[Dataset items]
==*==

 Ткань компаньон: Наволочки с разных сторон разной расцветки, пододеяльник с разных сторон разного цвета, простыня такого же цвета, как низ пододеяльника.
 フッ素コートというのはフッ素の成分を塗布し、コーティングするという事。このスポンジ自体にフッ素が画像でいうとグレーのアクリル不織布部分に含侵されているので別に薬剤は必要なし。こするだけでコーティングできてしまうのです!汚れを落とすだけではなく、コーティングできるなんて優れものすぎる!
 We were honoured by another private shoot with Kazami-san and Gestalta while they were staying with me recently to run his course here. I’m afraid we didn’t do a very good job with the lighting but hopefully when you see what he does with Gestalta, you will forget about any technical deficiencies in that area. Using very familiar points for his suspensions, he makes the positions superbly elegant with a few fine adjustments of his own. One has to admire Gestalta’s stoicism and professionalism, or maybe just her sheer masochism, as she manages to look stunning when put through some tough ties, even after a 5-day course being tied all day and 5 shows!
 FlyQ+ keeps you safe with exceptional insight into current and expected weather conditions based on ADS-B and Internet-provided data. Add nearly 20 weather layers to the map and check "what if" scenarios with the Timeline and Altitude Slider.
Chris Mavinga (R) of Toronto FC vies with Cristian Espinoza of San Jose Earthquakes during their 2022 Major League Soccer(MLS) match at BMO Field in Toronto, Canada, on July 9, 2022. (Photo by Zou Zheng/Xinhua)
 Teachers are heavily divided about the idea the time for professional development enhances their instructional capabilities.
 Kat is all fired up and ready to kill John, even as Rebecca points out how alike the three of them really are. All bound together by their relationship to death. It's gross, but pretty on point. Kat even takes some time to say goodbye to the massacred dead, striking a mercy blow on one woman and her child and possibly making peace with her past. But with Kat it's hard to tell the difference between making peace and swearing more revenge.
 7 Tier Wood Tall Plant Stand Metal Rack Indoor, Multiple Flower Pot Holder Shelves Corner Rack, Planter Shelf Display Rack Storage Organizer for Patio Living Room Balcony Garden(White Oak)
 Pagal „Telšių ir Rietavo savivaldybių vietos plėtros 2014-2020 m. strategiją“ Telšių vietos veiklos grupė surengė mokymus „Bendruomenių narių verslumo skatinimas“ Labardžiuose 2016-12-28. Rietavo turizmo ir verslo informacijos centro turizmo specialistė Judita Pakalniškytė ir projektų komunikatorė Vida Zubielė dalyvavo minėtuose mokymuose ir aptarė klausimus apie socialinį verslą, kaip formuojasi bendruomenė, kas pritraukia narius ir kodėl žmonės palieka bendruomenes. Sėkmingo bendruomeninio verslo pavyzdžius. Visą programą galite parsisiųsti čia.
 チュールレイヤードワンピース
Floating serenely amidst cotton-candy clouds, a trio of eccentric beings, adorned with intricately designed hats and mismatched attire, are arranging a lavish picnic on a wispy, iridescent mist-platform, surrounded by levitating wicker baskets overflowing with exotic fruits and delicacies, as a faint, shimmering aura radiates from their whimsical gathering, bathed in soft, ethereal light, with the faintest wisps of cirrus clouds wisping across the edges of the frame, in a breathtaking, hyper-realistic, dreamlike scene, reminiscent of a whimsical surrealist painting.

==*==

- [Task item] All records are to be written out exactly.

- [Expected output]
 Ткань компаньон: Наволочки с разных сторон разной расцветки, пододеяльник с разных сторон разного цвета, простыня такого же цвета, как низ пододеяльника.
 フッ素コートというのはフッ素の成分を塗布し、コーティングするという事。このスポンジ自体にフッ素が画像でいうとグレーのアクリル不織布部分に含侵されているので別に薬剤は必要なし。こするだけでコーティングできてしまうのです!汚れを落とすだけではなく、コーティングできるなんて優れものすぎる!
 We were honoured by another private shoot with Kazami-san and Gestalta while they were staying with me recently to run his course here. I’m afraid we didn’t do a very good job with the lighting but hopefully when you see what he does with Gestalta, you will forget about any technical deficiencies in that area. Using very familiar points for his suspensions, he makes the positions superbly elegant with a few fine adjustments of his own. One has to admire Gestalta’s stoicism and professionalism, or maybe just her sheer masochism, as she manages to look stunning when put through some tough ties, even after a 5-day course being tied all day and 5 shows!
 FlyQ+ keeps you safe with exceptional insight into current and expected weather conditions based on ADS-B and Internet-provided data. Add nearly 20 weather layers to the map and check "what if" scenarios with the Timeline and Altitude Slider.
Chris Mavinga (R) of Toronto FC vies with Cristian Espinoza of San Jose Earthquakes during their 2022 Major League Soccer(MLS) match at BMO Field in Toronto, Canada, on July 9, 2022. (Photo by Zou Zheng/Xinhua)
 Teachers are heavily divided about the idea the time for professional development enhances their instructional capabilities.
 Kat is all fired up and ready to kill John, even as Rebecca points out how alike the three of them really are. All bound together by their relationship to death. It's gross, but pretty on point. Kat even takes some time to say goodbye to the massacred dead, striking a mercy blow on one woman and her child and possibly making peace with her past. But with Kat it's hard to tell the difference between making peace and swearing more revenge.
 7 Tier Wood Tall Plant Stand Metal Rack Indoor, Multiple Flower Pot Holder Shelves Corner Rack, Planter Shelf Display Rack Storage Organizer for Patio Living Room Balcony Garden(White Oak)
 Pagal „Telšių ir Rietavo savivaldybių vietos plėtros 2014-2020 m. strategiją“ Telšių vietos veiklos grupė surengė mokymus „Bendruomenių narių verslumo skatinimas“ Labardžiuose 2016-12-28. Rietavo turizmo ir verslo informacijos centro turizmo specialistė Judita Pakalniškytė ir projektų komunikatorė Vida Zubielė dalyvavo minėtuose mokymuose ir aptarė klausimus apie socialinį verslą, kaip formuojasi bendruomenė, kas pritraukia narius ir kodėl žmonės palieka bendruomenes. Sėkmingo bendruomeninio verslo pavyzdžius. Visą programą galite parsisiųsti čia.
 チュールレイヤードワンピース
Floating serenely amidst cotton-candy clouds, a trio of eccentric beings, adorned with intricately designed hats and mismatched attire, are arranging a lavish picnic on a wispy, iridescent mist-platform, surrounded by levitating wicker baskets overflowing with exotic fruits and delicacies, as a faint, shimmering aura radiates from their whimsical gathering, bathed in soft, ethereal light, with the faintest wisps of cirrus clouds wisping across the edges of the frame, in a breathtaking, hyper-realistic, dreamlike scene, reminiscent of a whimsical surrealist painting.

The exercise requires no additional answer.